## Data for analysis
────────────────

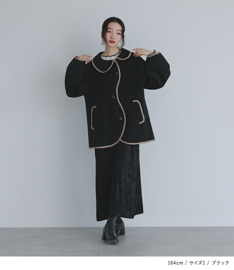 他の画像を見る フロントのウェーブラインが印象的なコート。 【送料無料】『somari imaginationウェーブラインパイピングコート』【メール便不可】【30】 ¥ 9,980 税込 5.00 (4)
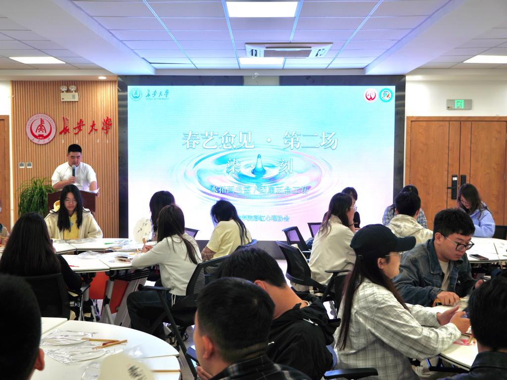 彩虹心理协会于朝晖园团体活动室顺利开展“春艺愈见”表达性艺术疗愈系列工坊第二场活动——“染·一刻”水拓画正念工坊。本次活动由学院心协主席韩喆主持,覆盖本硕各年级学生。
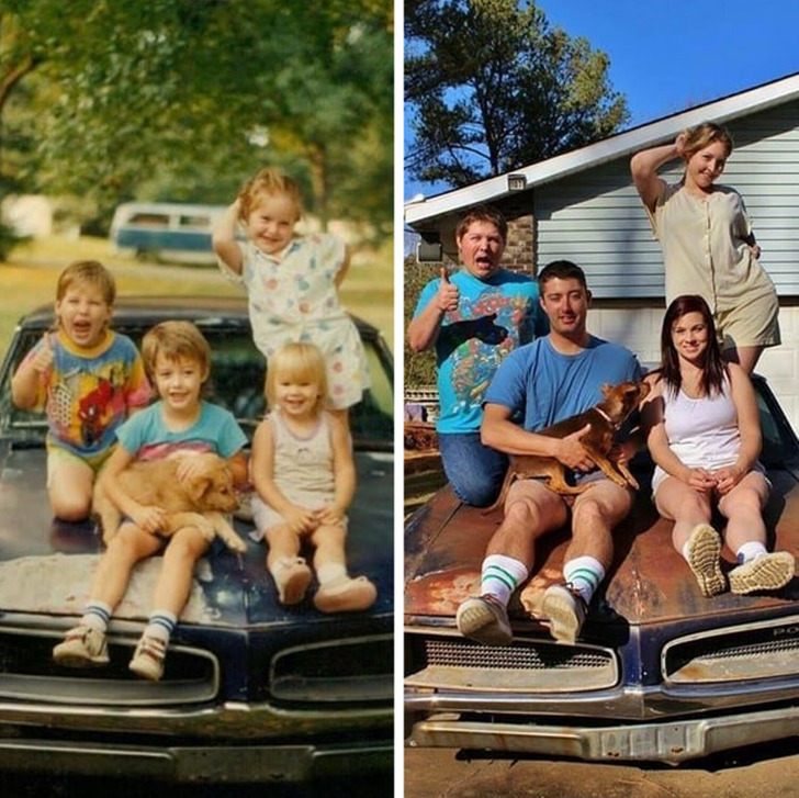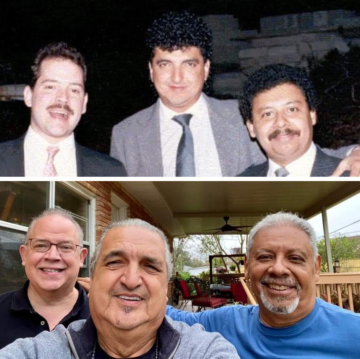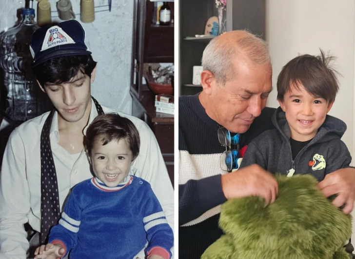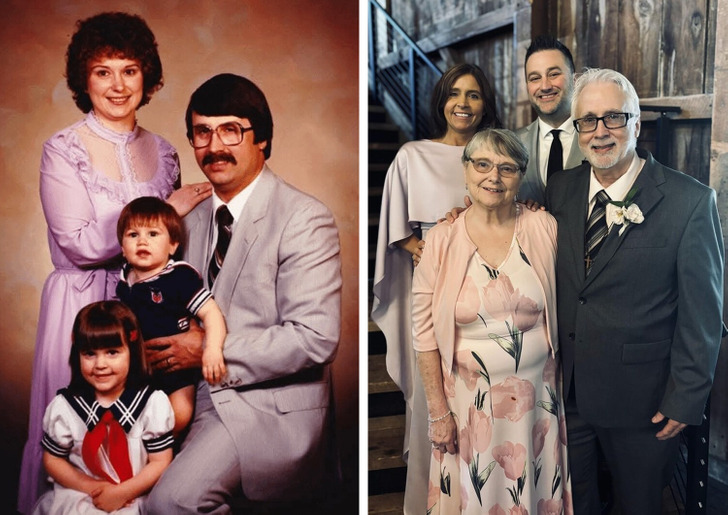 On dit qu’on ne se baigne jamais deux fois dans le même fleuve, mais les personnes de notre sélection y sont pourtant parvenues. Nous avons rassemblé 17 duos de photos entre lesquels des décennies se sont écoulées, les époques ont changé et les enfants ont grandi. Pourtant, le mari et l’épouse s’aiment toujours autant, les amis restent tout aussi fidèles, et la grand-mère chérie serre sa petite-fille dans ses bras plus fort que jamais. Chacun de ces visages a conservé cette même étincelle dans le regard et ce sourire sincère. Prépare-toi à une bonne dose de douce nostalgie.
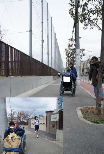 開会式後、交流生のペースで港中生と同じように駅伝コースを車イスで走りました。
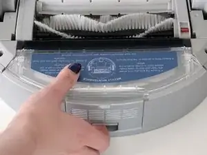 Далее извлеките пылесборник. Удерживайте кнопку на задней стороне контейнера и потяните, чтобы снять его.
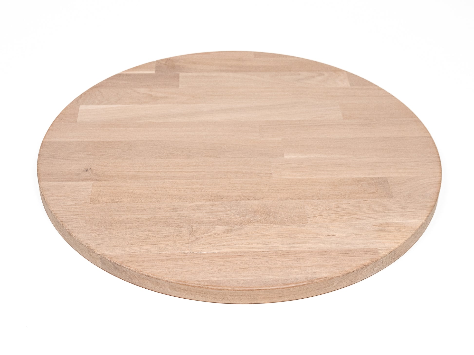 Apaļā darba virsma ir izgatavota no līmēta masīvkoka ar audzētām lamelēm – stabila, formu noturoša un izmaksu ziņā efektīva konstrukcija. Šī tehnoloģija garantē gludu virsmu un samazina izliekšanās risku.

────────────────

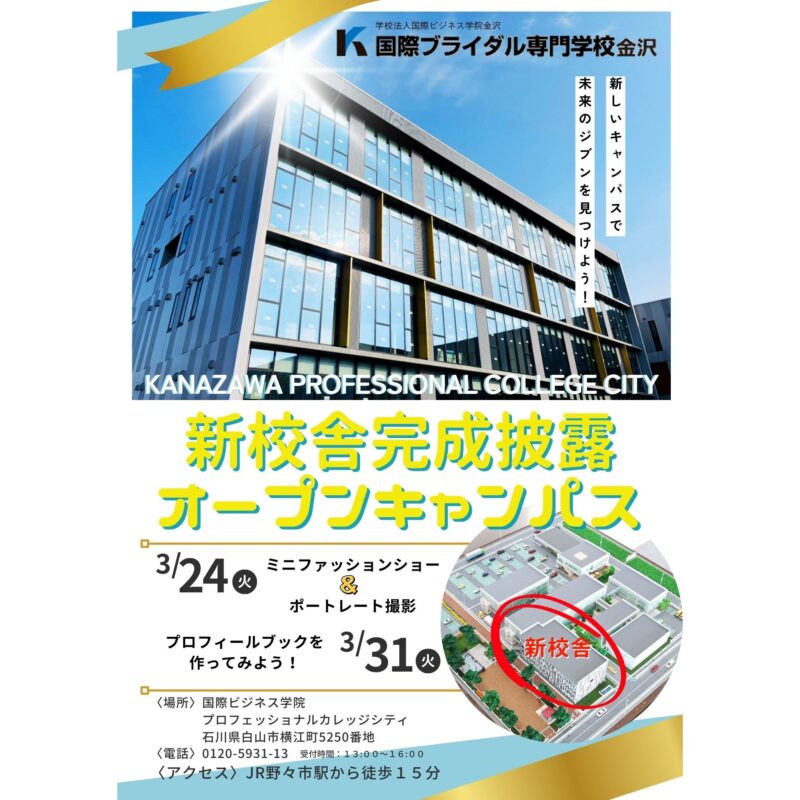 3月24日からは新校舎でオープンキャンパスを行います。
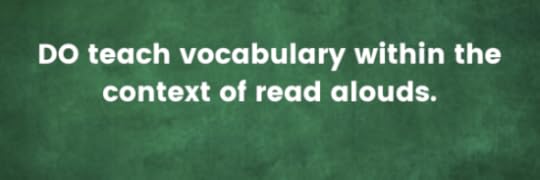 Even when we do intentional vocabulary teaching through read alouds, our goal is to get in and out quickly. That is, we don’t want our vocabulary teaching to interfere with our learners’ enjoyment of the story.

────────────────

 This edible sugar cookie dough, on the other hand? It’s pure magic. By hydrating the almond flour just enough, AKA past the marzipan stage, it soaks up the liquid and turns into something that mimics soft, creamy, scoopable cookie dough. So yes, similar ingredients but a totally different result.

────────────────

## Activity
In the listing above, find the line containing "Далее извлеките пылесборник." and the line containing "Apaļā darba virsma"; print those lines and every line between them exactly, leaving out pictures.

## Answer area
 Далее извлеките пылесборник. Удерживайте кнопку на задней стороне контейнера и потяните, чтобы снять его.
 Apaļā darba virsma ir izgatavota no līmēta masīvkoka ar audzētām lamelēm – stabila, formu noturoša un izmaksu ziņā efektīva konstrukcija. Šī tehnoloģija garantē gludu virsmu un samazina izliekšanās risku.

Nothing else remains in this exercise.